Yatra
- Type: Public
- Traded as: Nasdaq: YTRA; NSE: YATRA; BSE: 543992;
- Industry: Online travel agency
- Founded: 1 August 2006; 20 years ago
- Founders: Dhruv Shringi; Manish Amin; Sabina Chopra;
- Headquarters: Gurgaon, Haryana, India
- Key people: Dhruv Shringi (CEO); Manish Amin (CIO); Yumnam Prabhakar Singh (COO - Corporate Hotels);
- Products: Flights, hotels, holidays, trains, buses
- Services: Travel booking
- Revenue: ₹422 crore (US$44 million) (FY24)
- Operating income: ₹53 crore (US$5.5 million) (FY24)
- Net income: ₹−4.5 crore (US$−470,000) (FY24)
- Website: www.yatra.com

= Yatra (company) =

Online travel agency

Yatra is an Indian online travel agency and travel search engine.

== History ==
Yatra.com was founded by Dhruv Shringi, Manish Amin and Sabina Chopra in August 2006.

Early investors included Reliance Venture Asset Management Ltd, Web18 of Network18 Group (a subsidiary of Reliance Industries), Norwest Venture Partners and Intel Capital. In April 2011, it announced funding of ₹2 billion from investors including Valiant Capital Management, Norwest Venture Partners (NVP) under Promod Haque's management and Intel Capital.

In April 2012, it became the second-largest online travel service in India, with a 30 percent share of online travel-related transactions. It launched “holiday-cum-shopping card” with State Bank of India (SBI).

In September 2013, Yatra.com suffered a data breach of more than 5 million users records, exposing email and physical addresses, dates of birth and phone numbers along with both PINs and passwords stored in plain text.

In November 2013, Yatra.com launched e-gift cards in collaboration with Qwikcilver.

In December 2016, Yatra.com was publicly listed on the NASDAQ under the ticker symbol "YTRA".

In July 2019, Ebix, a US-based company, planned to acquire Yatra.com but the acquisition was cancelled in June 2020.

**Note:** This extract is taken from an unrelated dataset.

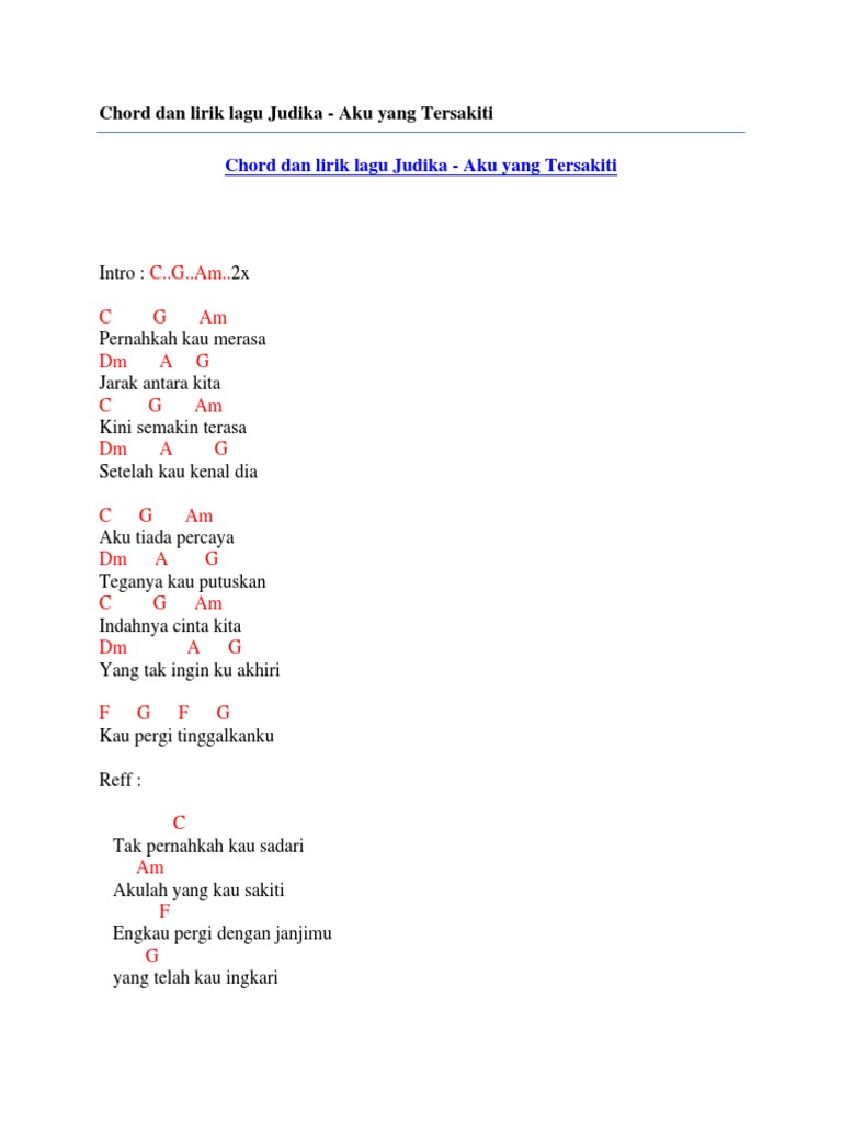 Chord Dan Lirik Lagu Judika Aku Yang Tersakiti

In June 2020, Yatra.com announced an underwritten public offering at $11.5 mn and laid off about 400 employees around the same time.

In June 2021, Yatra collaborated with Oyo Rooms, Airbnb, and EaseMyTrip to form the Confederation of Hospitality, Technology and Tourism Industry (CHATT), an industry body for the tourism sector of India.

In 2023, Yatra Online listed on the Indian stock exchanges after its initial public offering.

== Acquisitions ==
Yatra acquired ticket consolidator Travel Services International (TSI) in October 2010, global distribution system provider Magicdom and Indian events and entertainment portal BuzzInTown. All were acquired for undisclosed amounts. In July 2012, Yatra.com acquired a 100% stake in Travelguru. In 2016, Yatra.com acquired-hired Mumbai-based Travel-logs.in, which specializes in customized city walks and private tours.

In September 2024, Yatra announced the acquisition of corporate travel company Globe Travels for ₹128 crore.